Leitsatz

1. Eine Bilanz kann nicht nach § 4 Abs. 2 S. 1 EStG geändert ("berichtigt") werden, wenn sie nach dem Maßstab des Erkenntnisstands im Zeitpunkt ihrer Erstellung den Grundsätzen ordnungsmäßiger Buchführung entspricht (Bestätigung des Senatsurteils vom 05.06.2007, I R 47/06, BFH/PR 2007, 412).

2. Eine Bilanz kann nicht mit dem Ziel eines niedrigeren Gewinnausweises nach § 4 Abs. 2 S. 2 EStG geändert werden, wenn das FA den Gewinn zwar höher als vom Unternehmer erklärt ansetzt, dies aber auf einer Berücksichtigung von außerbilanziellen Gewinnerhöhungen beruht.

 

Normenkette

§ 4 Abs. 2 EStG

 

Sachverhalt

Eine GmbH stellte am 30.04.2002 ihren Jahresabschluss für das Streitjahr 2001 auf. Den auf dieser Basis ermittelten Gewinn berücksichtigte das FA in Steuerbescheiden, die gem. § 164 Abs. 1 AO unter Vorbehalt der Nachprüfung ergingen.

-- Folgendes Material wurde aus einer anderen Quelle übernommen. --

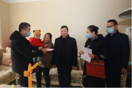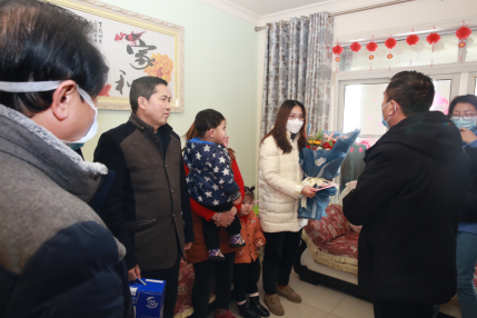 2月11日,党委书记岳先远、副院长汤业军、工会主席王宏、纪委书记母斌代表医院党委行政,带领部分职能科室干部,挨家挨户慰问,为每个队员的家属送去慰问金和礼物,送去组织关怀和医院“大家庭”的温暖。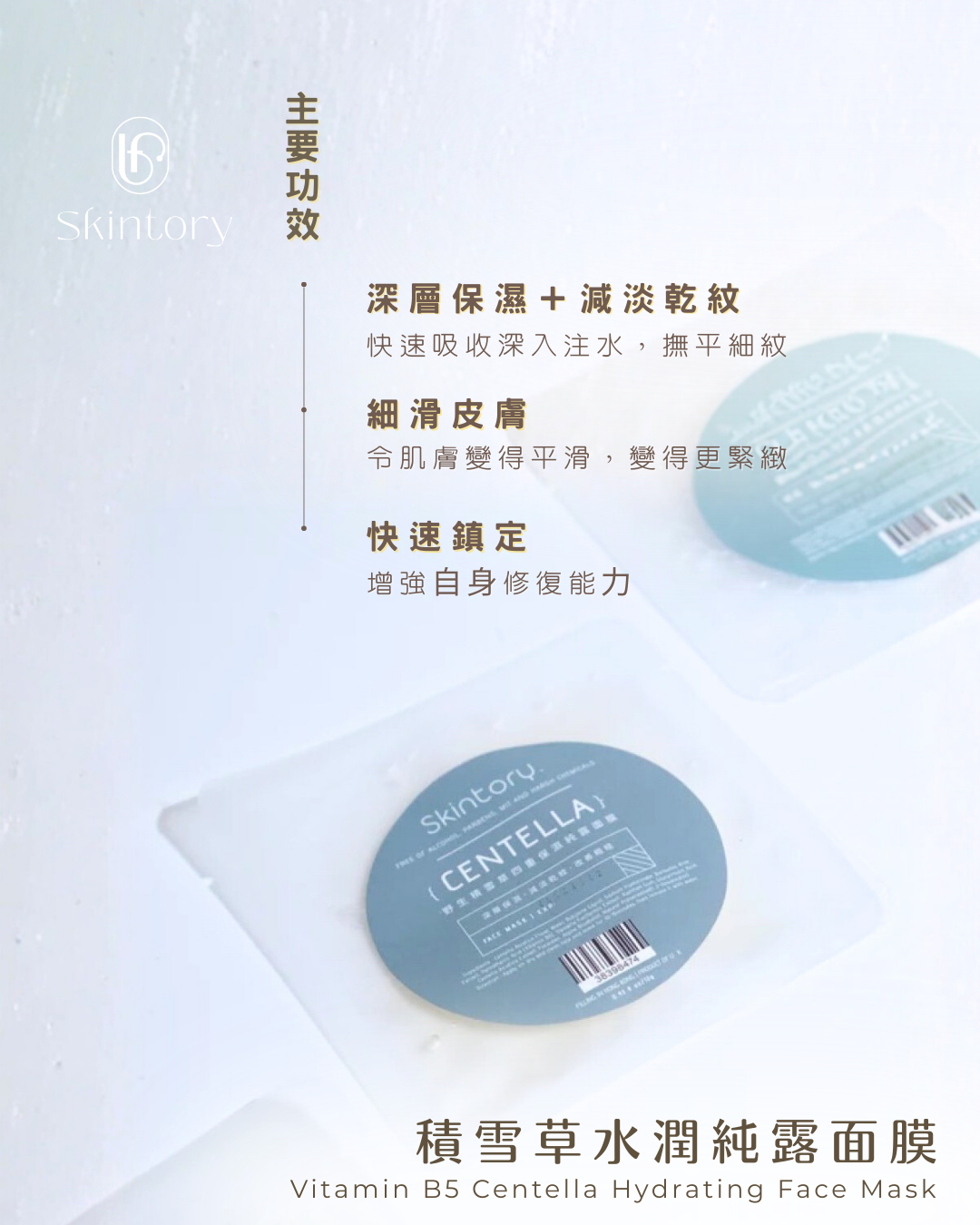 蘊含積雪草4重保濕組合成份,配以維他命B5的黃金三角配方成份,層層滲入肌膚,快速吸收深入注水。

Im Rahmen einer Betriebsprüfung gelangte das FA zu der Auffassung, dass der von der GmbH erklärte Gewinn um 6 347 DM (Verminderung eines Aktivpostens) und um weitere 51 330 DM (Erhöhung von Rückstellungen) zu vermindern sowie um 135 000 DM (Ansatz eines Übernahmegewinns gem. § 12 Abs. 2 S. 2 UmwStG 1995) und um weitere 29 913 DM (Erhöhung der nicht abziehbaren Betriebsausgaben) zu erhöhen sei.

Daraufhin machte die GmbH geltend, dass sie für das Streitjahr eine Rückstellung für die Kosten der Aufbewahrung von Geschäftsunterlagen hätte bilden müssen (BFH, Urteil vom 19.08.2002, VIII R 30/01, BFH/NV 2002, 1662), was bisher nicht geschehen sei. Das FA berücksichtigte diese Rückstellung nicht.

Die deshalb erhobene Klage hat das FG abgewiesen (FG Köln, Urteil vom 21.03.2007, 13 K 4358/06, Haufe-Index 1763586, EFG 2007, 1472).

 

Entscheidung

Der BFH sah das im Ergebnis genauso:

Infolge des nunmehr in ständiger Spruchpraxis verfochtenen sog. subjektiven Fehlerbegriffs wäre eine Bilanzkorrektur in Bezug auf die Aufbewahrungspflichten nur als Änderung gem. § 4 Abs. 2 S. 2 EStG im Zusammenhang mit einer Bilanzberichtigung in Betracht gekommen. An Letzterer aber fehlte es. Denn die Korrekturen infolge der Betriebsprüfung waren solche außerbilanzieller, nicht aber, wie jedoch erforderlich, bilanzieller Art.

 

Hinweis

1. Nach § 4 Abs. 2 S. 1 EStG kann ein Unternehmen eine "Bilanzberichtigung" vornehmen, wenn er seine Bilanz beim FA eingereicht hat, diese Bilanz aber inhaltlich fehlerhaft ist. Mittlerweile hat der BFH wiederholt entschieden, dass allein die objektive Unrichtigkeit einer Bilanz deren Berichtigung nicht rechtfertigt; eine Bilanzberichtigung setzt vielmehr voraus, dass der Unternehmer bei der Aufstellung der Bilanz den Fehler hätte erkennen können. Es gilt der zwar verobjektivierte, im Ergebnis jedoch sog. subjektive Fehlerbegriff.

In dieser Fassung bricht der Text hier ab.